(Information provided)
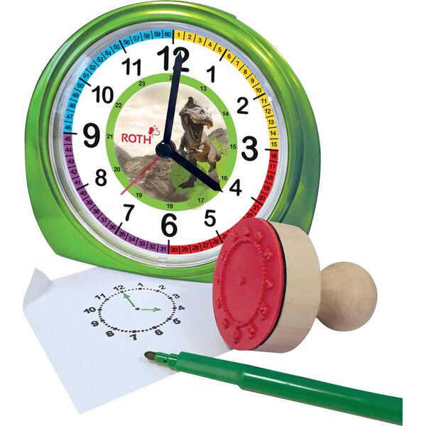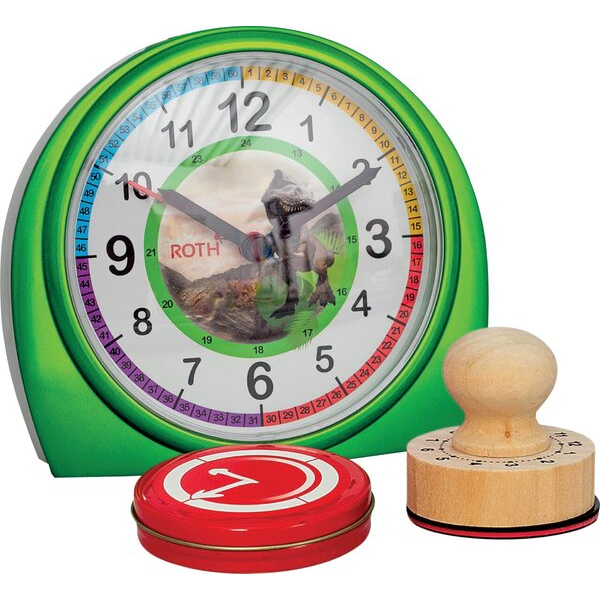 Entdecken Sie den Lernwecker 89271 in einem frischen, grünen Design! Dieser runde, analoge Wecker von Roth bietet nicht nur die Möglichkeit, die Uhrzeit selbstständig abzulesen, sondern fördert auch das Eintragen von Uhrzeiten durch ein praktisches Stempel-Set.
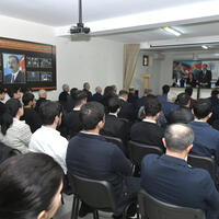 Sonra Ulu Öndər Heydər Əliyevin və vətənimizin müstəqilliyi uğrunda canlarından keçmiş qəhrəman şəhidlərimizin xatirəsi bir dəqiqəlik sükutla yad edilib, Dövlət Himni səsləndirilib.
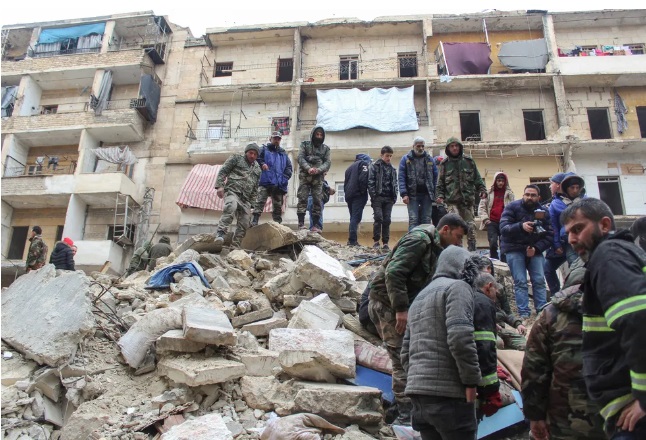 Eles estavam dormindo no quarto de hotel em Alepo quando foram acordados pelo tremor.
(End Information provided)
(Information provided)
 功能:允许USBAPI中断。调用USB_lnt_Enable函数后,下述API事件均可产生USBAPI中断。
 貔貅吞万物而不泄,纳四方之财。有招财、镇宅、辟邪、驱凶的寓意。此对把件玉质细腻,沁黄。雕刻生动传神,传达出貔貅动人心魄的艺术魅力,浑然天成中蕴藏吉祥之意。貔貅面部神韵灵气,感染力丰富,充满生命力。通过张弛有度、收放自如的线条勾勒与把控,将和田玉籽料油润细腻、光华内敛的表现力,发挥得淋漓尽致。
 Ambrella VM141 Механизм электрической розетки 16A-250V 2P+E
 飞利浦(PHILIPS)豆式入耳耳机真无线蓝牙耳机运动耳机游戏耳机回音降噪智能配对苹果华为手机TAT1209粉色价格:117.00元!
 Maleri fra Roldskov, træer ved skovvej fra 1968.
(End Information provided)
(Information provided)
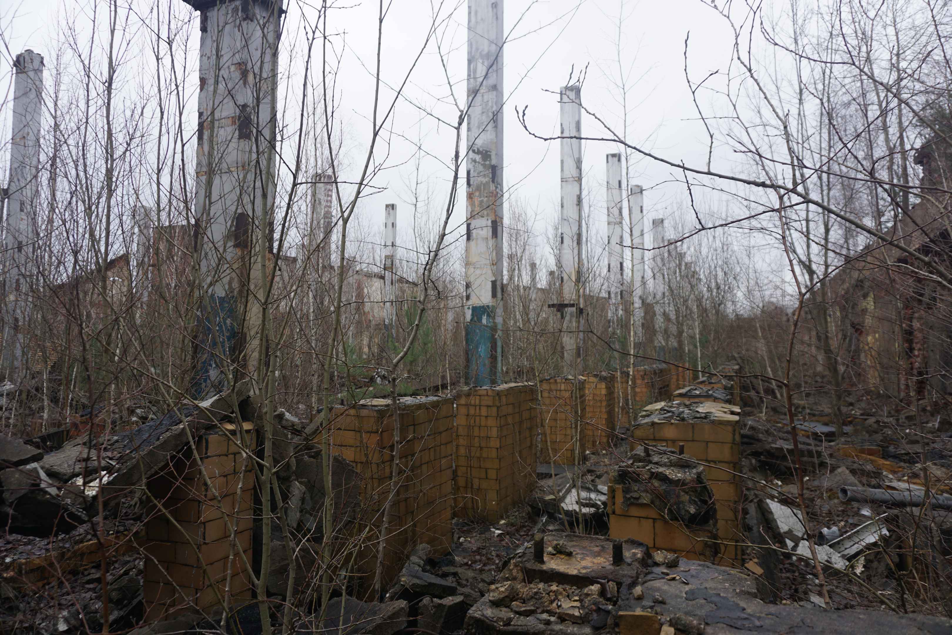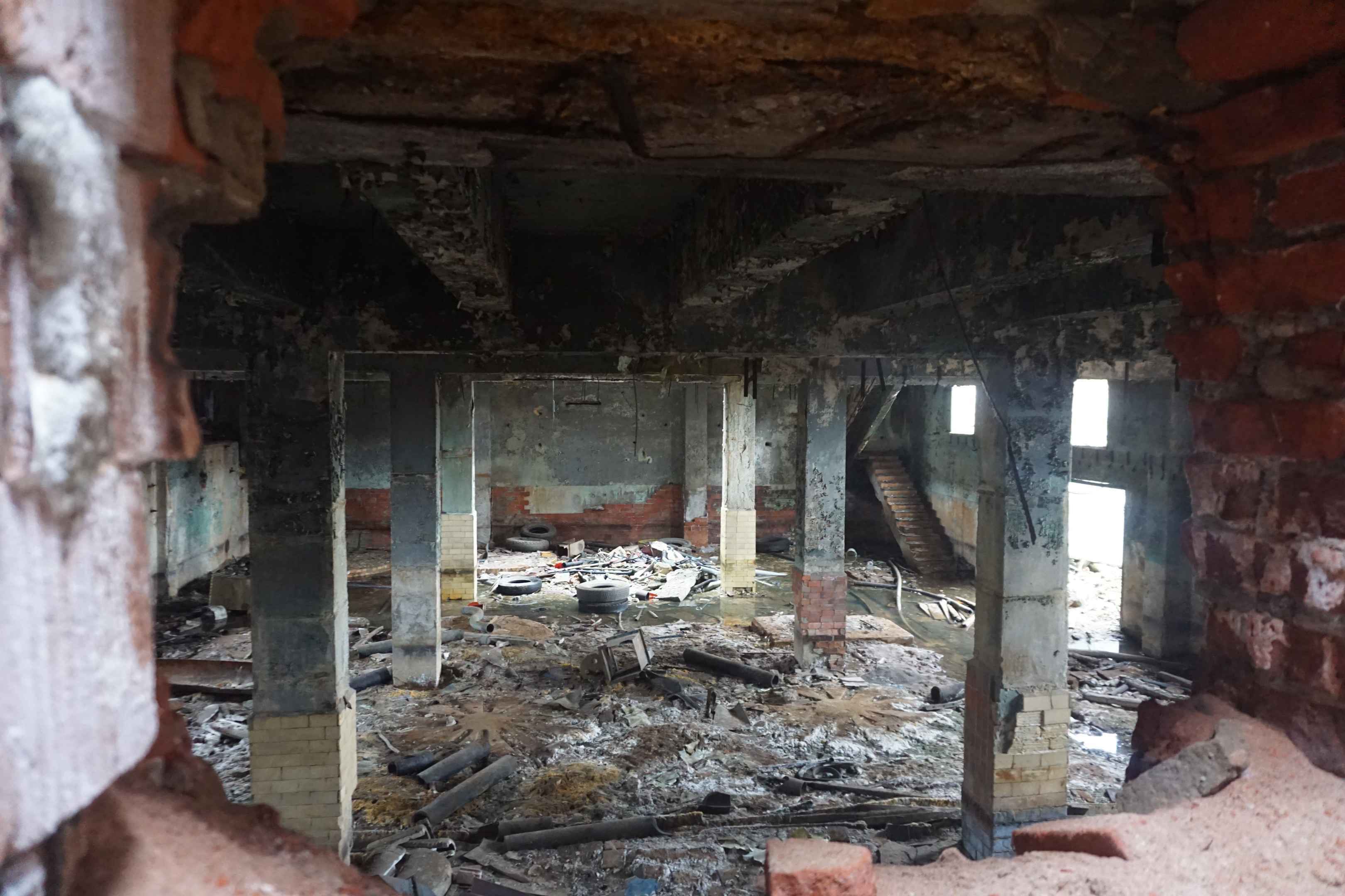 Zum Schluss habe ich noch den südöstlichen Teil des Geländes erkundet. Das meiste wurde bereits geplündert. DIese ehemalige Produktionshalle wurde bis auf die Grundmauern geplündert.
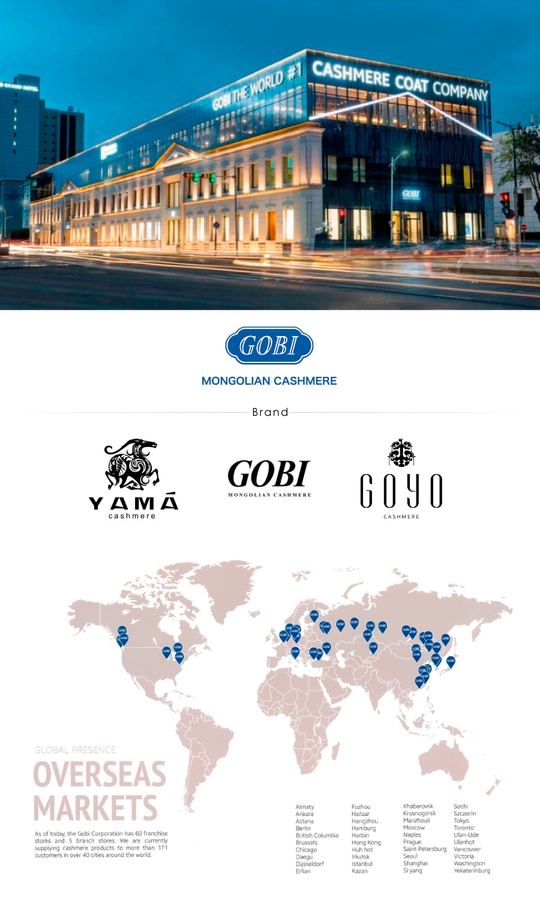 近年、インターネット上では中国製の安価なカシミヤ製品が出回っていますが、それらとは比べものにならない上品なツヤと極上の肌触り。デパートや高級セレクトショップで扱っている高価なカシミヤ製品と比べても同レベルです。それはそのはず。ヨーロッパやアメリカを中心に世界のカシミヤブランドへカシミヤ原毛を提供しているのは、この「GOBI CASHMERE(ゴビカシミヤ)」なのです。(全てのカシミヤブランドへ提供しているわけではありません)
(End Information provided)
● Work instruction
Give again the stretch of the entries above that begins at the line with "Entdecken Sie den" and ends at the line with "Eles estavam dormindo", word for word, with no pictures.

● Solution to the problem
 Entdecken Sie den Lernwecker 89271 in einem frischen, grünen Design! Dieser runde, analoge Wecker von Roth bietet nicht nur die Möglichkeit, die Uhrzeit selbstständig abzulesen, sondern fördert auch das Eintragen von Uhrzeiten durch ein praktisches Stempel-Set.
 Sonra Ulu Öndər Heydər Əliyevin və vətənimizin müstəqilliyi uğrunda canlarından keçmiş qəhrəman şəhidlərimizin xatirəsi bir dəqiqəlik sükutla yad edilib, Dövlət Himni səsləndirilib.
 Eles estavam dormindo no quarto de hotel em Alepo quando foram acordados pelo tremor.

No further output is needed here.